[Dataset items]

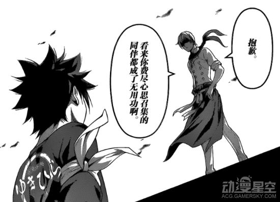 接下来的发展似乎可以预料到了——略过其余两盘的试吃过程,司瑛士直接对台下的幸平创真发起挑衅——“抱歉,你费尽心思召集来的同伴看来都成了无用功”。
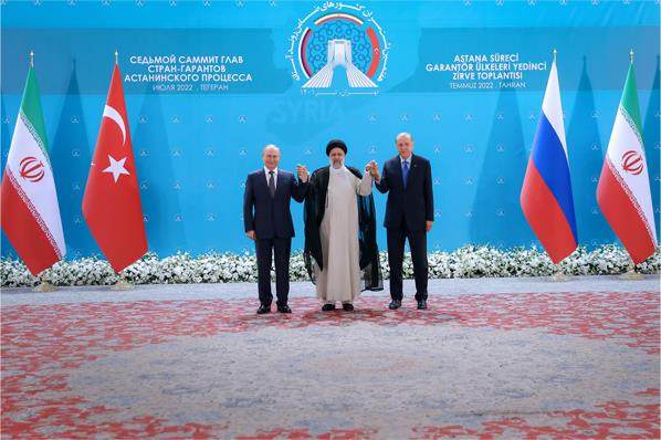 2022年7月19日,伊朗总统莱希(中)、俄罗斯总统普京、土耳其总统埃尔多安(右)在德黑兰举行“阿斯塔纳进程”首脑会议。 自俄乌冲突爆发以来,俄罗斯与美国在全球舞台上展开激烈博弈。由于地缘和能源因素,中东一直是俄美争夺的热点地区。7月13日至19日,美国总统拜登和俄罗斯总统普京前后脚出访这一地区,双方在中东的竞争意味甚浓。 俄美在中东“打擂台” 时下,俄美都使出浑身解数,争取中东国家支持,在
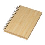 Шикозен еко комплект, състоящ се от тефтер DIN A5 с бамбукова корица, спирална подвързия и 160 редовани страници от рециклирана хартия, както и химикал от бамбук със син пластмасов пълнител и пластмасови апликации.
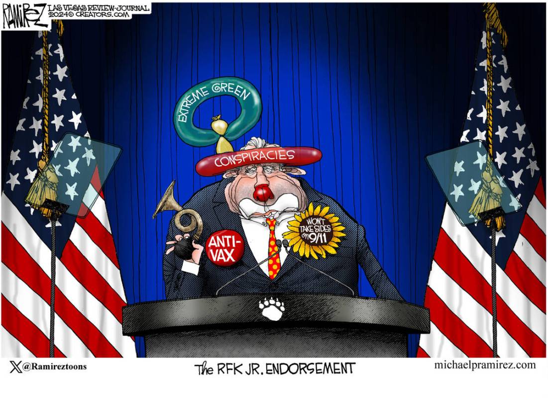 CARTOON: RFK’s move By Michael Ramirez Las Vegas Review-Journal 1 year ago Send in the clown. Review-Journal editorial cartoonist Michael Ramirez is a two-time winner of the Pulitzer Prize and a four-time winner of the Sigma Delta Chi Award.
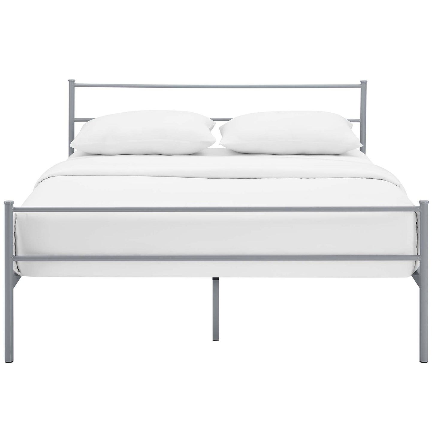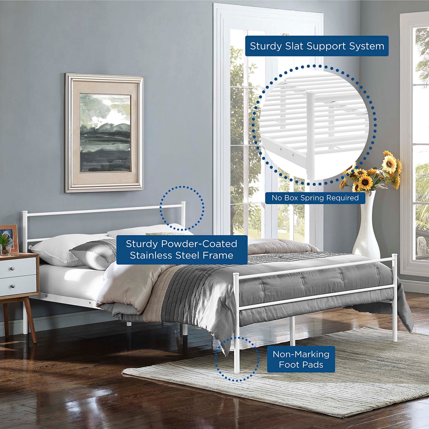 Draw a parallel between modern decor and the harvested elegance of rustic lines with Alina Platform Full Bed. Solidly built with a reinforced center beam and vintage styled steel frame, Alina can comfortably support up to 1323 lbs. Alina creates a tranquil look indicative of cottage decor and country homes, eliminates the need for a box spring and supports mattress types such as memory foam, spring, latex and hybrid. Mattress not included.
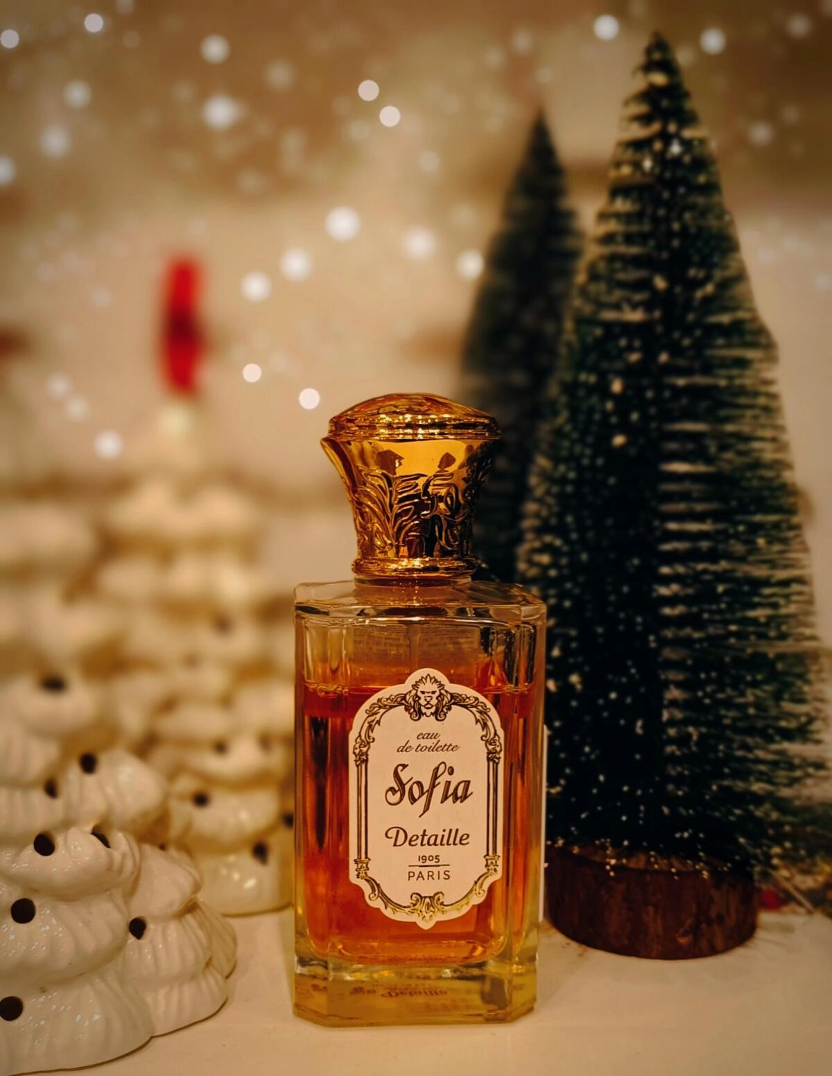 Aромат Sofia от Detaille подчеркивает уникальность женственного образа. Дизайн флакона является настоящим памятником парфюмерии Франции, он напоминает хрустальный бокал с плавными формами и сбалансированными пропорциями. Золотистый колпачок с зеркальной отделкой украшен изысканными арабесками, придавая сосуду вид архитектурного произведения в стиле арт-деко.
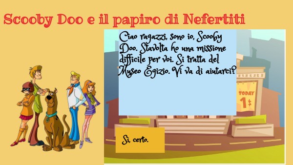 Ciao ragazzi, sono io, Scooby Doo. Stavolta ho una missione difficile per voi. Si tratta del Museo Egizio. Vi va di aiutarci?
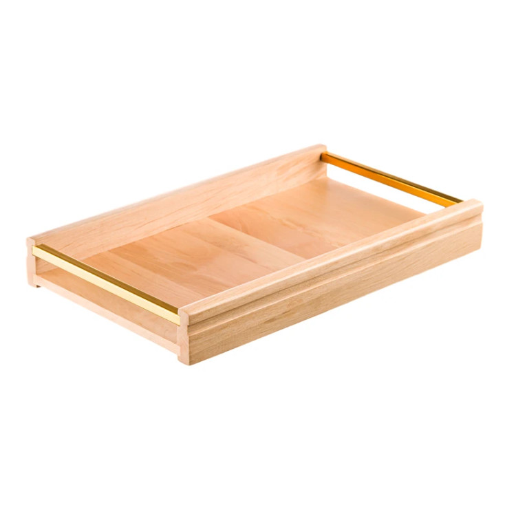 سینی چوبی لوکس ساختهشده از چوب طبیعی مرغوب با دستههای طلایی آبکاریشده، مناسب پذیرایی شیک در مهمانیها و استفاده روزمره.
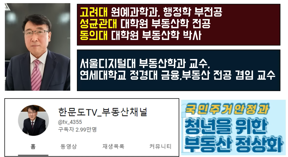 한문도 교수는 연세대 부동산학과 교수로 요즘 활발한 활동을 이어가고 있는 전문가이다.
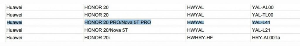 Il documento di Google che conferma la certificazione del telefono potrebbe aver “spoilerato” anche altri nomi che i dispositivi potrebbero avere su alcuni mercati. Nell’elenco delle certificazioni, infatti, si parla di “Honor 20 Pro/Nova 5T Pro” e di “Honor 20/Nova 5T“.
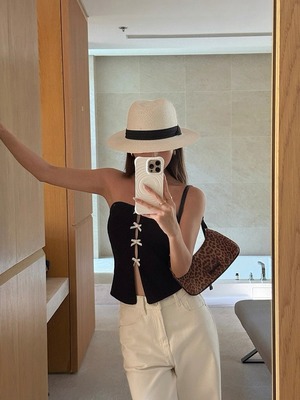 フロントに並んだ小さなリボンが特徴的で、シンプルなシルエットの中にフェミニンなアクセントを加えているチューブトップです。柔らかい素材が体に程よくフィットし、ウエストを美しく引き締めて見せる効果があります。胸元から裾にかけての縦ラインが強調されるため、スタイルアップも期待できるデザインです。肩を出すチューブタイプで、ヘルシーかつ女性らしい雰囲気を演出します。デニムと合わせればカジュアルに、スカートやワイドパンツと合わせればモードで洗練されたコーディネートに仕上がります。リゾートや夏のお出かけにもぴったりな一枚で、シンプルながらも存在感のあるアイテムです。
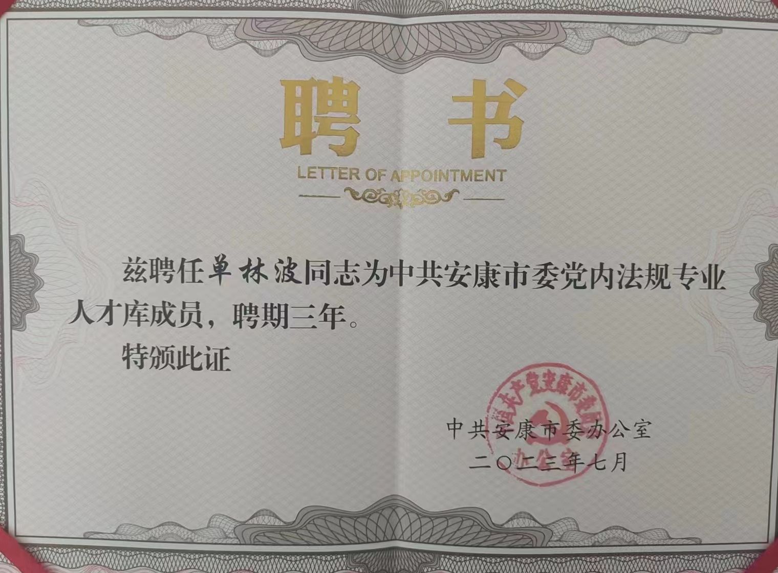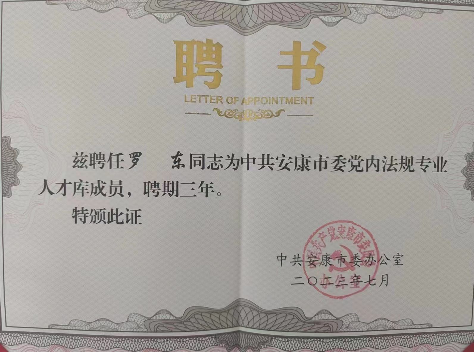 近日,中国共产党安康市委员会办公室发文并举行仪式,聘请我院教师单林波、罗东为安康市委党内法规专业人才库成员。
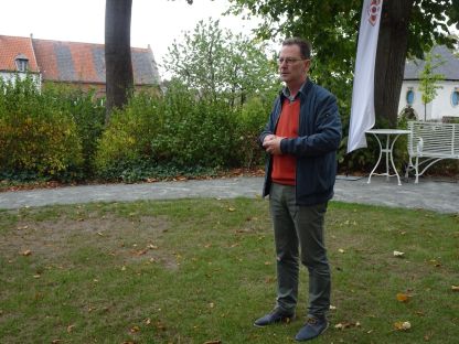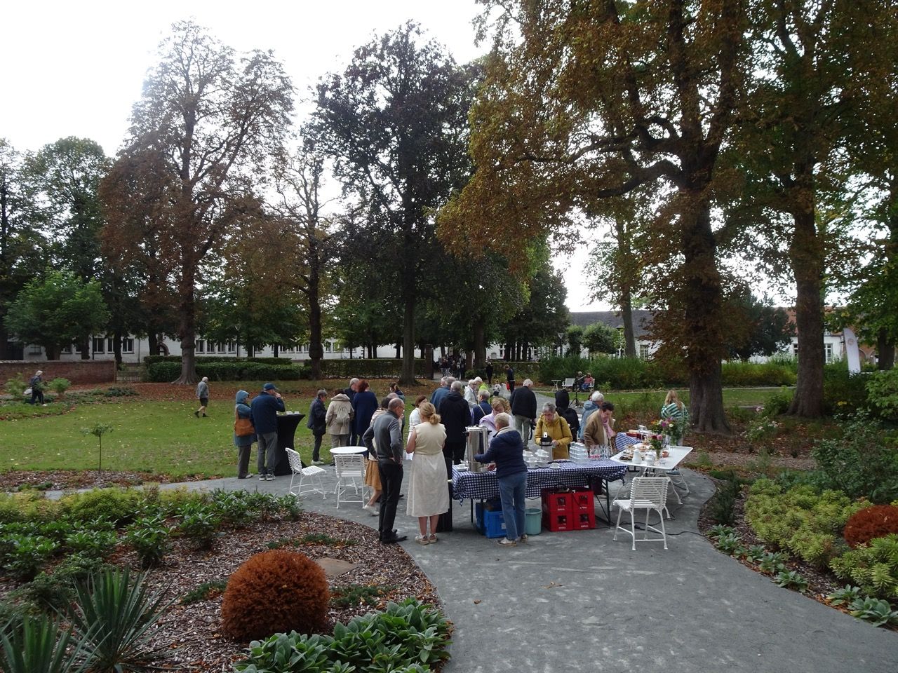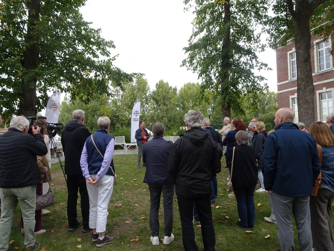 Officiële inhuldiging Engelsche Hof met toespraken door schepenen Dirk Vansina en Christophe Stockman

**EXERCISE**
Reproduce every record above exactly, omitting the pictures.

**YOUR RESPONSE**
 接下来的发展似乎可以预料到了——略过其余两盘的试吃过程,司瑛士直接对台下的幸平创真发起挑衅——“抱歉,你费尽心思召集来的同伴看来都成了无用功”。
 2022年7月19日,伊朗总统莱希(中)、俄罗斯总统普京、土耳其总统埃尔多安(右)在德黑兰举行“阿斯塔纳进程”首脑会议。 自俄乌冲突爆发以来,俄罗斯与美国在全球舞台上展开激烈博弈。由于地缘和能源因素,中东一直是俄美争夺的热点地区。7月13日至19日,美国总统拜登和俄罗斯总统普京前后脚出访这一地区,双方在中东的竞争意味甚浓。 俄美在中东“打擂台” 时下,俄美都使出浑身解数,争取中东国家支持,在
 Шикозен еко комплект, състоящ се от тефтер DIN A5 с бамбукова корица, спирална подвързия и 160 редовани страници от рециклирана хартия, както и химикал от бамбук със син пластмасов пълнител и пластмасови апликации.
 CARTOON: RFK’s move By Michael Ramirez Las Vegas Review-Journal 1 year ago Send in the clown. Review-Journal editorial cartoonist Michael Ramirez is a two-time winner of the Pulitzer Prize and a four-time winner of the Sigma Delta Chi Award.
 Draw a parallel between modern decor and the harvested elegance of rustic lines with Alina Platform Full Bed. Solidly built with a reinforced center beam and vintage styled steel frame, Alina can comfortably support up to 1323 lbs. Alina creates a tranquil look indicative of cottage decor and country homes, eliminates the need for a box spring and supports mattress types such as memory foam, spring, latex and hybrid. Mattress not included.
 Aромат Sofia от Detaille подчеркивает уникальность женственного образа. Дизайн флакона является настоящим памятником парфюмерии Франции, он напоминает хрустальный бокал с плавными формами и сбалансированными пропорциями. Золотистый колпачок с зеркальной отделкой украшен изысканными арабесками, придавая сосуду вид архитектурного произведения в стиле арт-деко.
 Ciao ragazzi, sono io, Scooby Doo. Stavolta ho una missione difficile per voi. Si tratta del Museo Egizio. Vi va di aiutarci?
 سینی چوبی لوکس ساختهشده از چوب طبیعی مرغوب با دستههای طلایی آبکاریشده، مناسب پذیرایی شیک در مهمانیها و استفاده روزمره.
 한문도 교수는 연세대 부동산학과 교수로 요즘 활발한 활동을 이어가고 있는 전문가이다.
 Il documento di Google che conferma la certificazione del telefono potrebbe aver “spoilerato” anche altri nomi che i dispositivi potrebbero avere su alcuni mercati. Nell’elenco delle certificazioni, infatti, si parla di “Honor 20 Pro/Nova 5T Pro” e di “Honor 20/Nova 5T“.
 フロントに並んだ小さなリボンが特徴的で、シンプルなシルエットの中にフェミニンなアクセントを加えているチューブトップです。柔らかい素材が体に程よくフィットし、ウエストを美しく引き締めて見せる効果があります。胸元から裾にかけての縦ラインが強調されるため、スタイルアップも期待できるデザインです。肩を出すチューブタイプで、ヘルシーかつ女性らしい雰囲気を演出します。デニムと合わせればカジュアルに、スカートやワイドパンツと合わせればモードで洗練されたコーディネートに仕上がります。リゾートや夏のお出かけにもぴったりな一枚で、シンプルながらも存在感のあるアイテムです。
 近日,中国共产党安康市委员会办公室发文并举行仪式,聘请我院教师单林波、罗东为安康市委党内法规专业人才库成员。
 Officiële inhuldiging Engelsche Hof met toespraken door schepenen Dirk Vansina en Christophe Stockman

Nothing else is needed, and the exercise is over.